Chega a ser inacreditável, uma espécie de brincadeira de mau gosto com os eleitores tocantinenses e, como falamos, com a imagem externa do Tocantins.  Esperar que três eleições aconteçam para, somente após a terceira, pedir  que o candidato que venceu as três seja cassado por supostas irregularidades ocorridas na primeira.

 

PREJUÍZO

Com todo o respeito ao competentíssimo Ministério Público Federal, na pessoa do Procurador Regional Eleitoral, Dr.
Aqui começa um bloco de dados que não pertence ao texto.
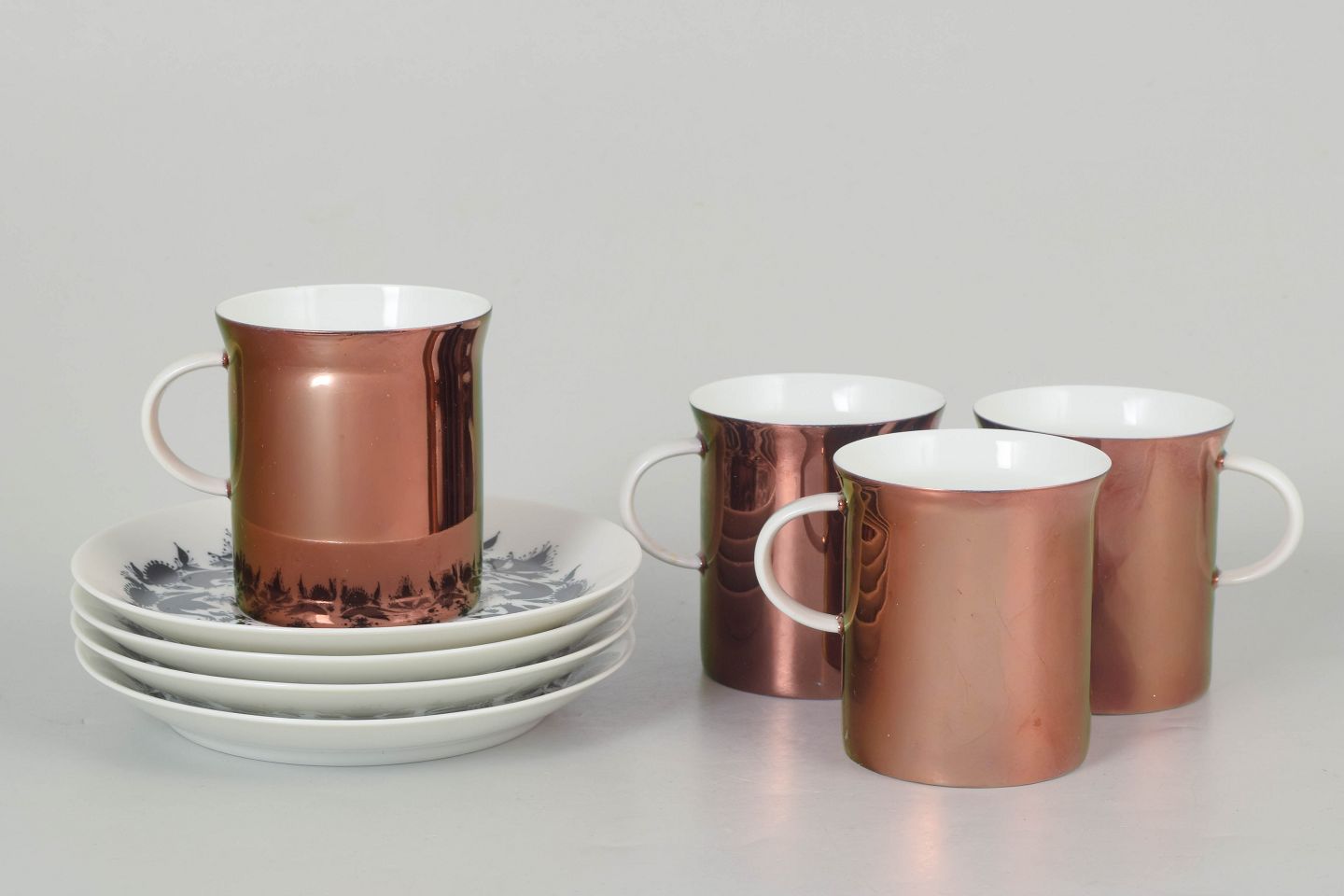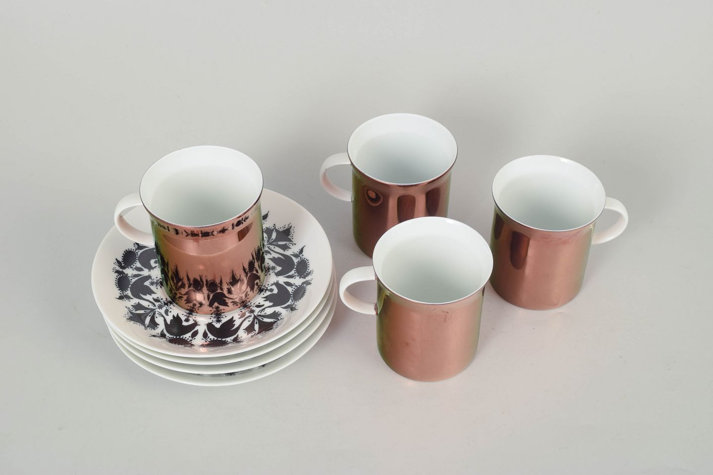 Bjørn Wiinblad for Rosenthal, sæt af fire kaffekopper med underkopper.

Álvaro Manzano, a finalidade deste Editorial é chamara a atenção das autoridades judiciais, no sentido de se atentarem para não causar mais prejuízos à imagem do Tocantins e do seu povo.  Não estamos, aqui, defendendo ninguém.  Se houve ilícito, que haja a investigação e, em se provando, que aconteça, também, a punição.

 

Falamos, aqui, em desgaste de imagem e perda de credibilidade do atual governador, semelhante ao que já aconteceu com o ex-governador Marcelo Miranda, que por conta de sua fragilidade judicial, tornou-se refém do Poder Legislativo, dos sindicatos e de “forças ocultas” sem ter a quem recorrer para reagir, e sangrou, de forma impotente, sem nenhuma perspectiva administrativa , política ou constitucional, acabando por ser, finalmente cassado, após um vai e vem de liminares que, novamente, só fortaleceram a sensação de insegurança política.

 

O QUE FAZER?

O Tocantins nasceu como um estado simpático, que ganhou a admiração do resto do Brasil por sua luta infindável porá que virasse realidade.  Fatos assim, como este pedido de cassação de Mauro Carlesse após três eleições, vieram denegrindo, ofuscando a imagem do Tocantins a ponto de virar chacota até no Jornal Nacional (quem não se lembra do William Bonner imitando um tocantinense no quadro “O Brasil que queremos para o futuro”?).

 

Temos que nos unir e repensar soluções para refazer a nossa imagem de povo honesto e trabalhador.  Para isso, o primeiro passo é votar melhor, colocando como nossos representantes pessoas que já provaram estar interessadas apenas no bem comum, em transformar este Estado na terra tão sonhado por todos nós.

 

O segundo passo deve vir das autoridades fiscalizadoras, que devem agir com prudência e assertividade, mas, principalmente, celeridade para que fatos como o narrado neste editorial, não voltem a acontecer, sem dar margem para a conivência, a omissão e, principalmente, a corrupção.

 

Independentemente de uma condenação de Mauro Carlesse e sua chapa, esperamos que a Justiça Eleitoral seja célere  para que os reflexos de mais esta instabilidade política não atinjam nem a nossa economia nem a nossa sociedade, pois a insegurança e a instabilidade política, econômica e social formam os piores cenários para um Estado que quer se reerguer

 

APLAUSOS

Mesmo com toda essa problemática, não podemos deixar de aplaudir o papel que a Justiça vem desempenhando, pois, sabemos, a morosidade não é proposital.  As investigações, apurações e decisões, demonstram que estamos em um Estado em que podemos acreditar nas autoridades judiciais e policiais, valorosos homens e mulheres que compõem os Ministérios Públicos Estadual e Federal, as nossas respeitosas Polícias Federal, Civil e Militar.  Um conjunto de forças que nos garantem que criminosos serão punidos e inocentes terão seus nomes limpos.

 

Esperamos, com todas as nossas forças, que tudo seja resolvido da forma mais cristalina e transparente possível e que a Justiça realmente seja feita, mas de forma rápida e precisa, para que o Tocantins não permaneça sangrando aos olhos da nação.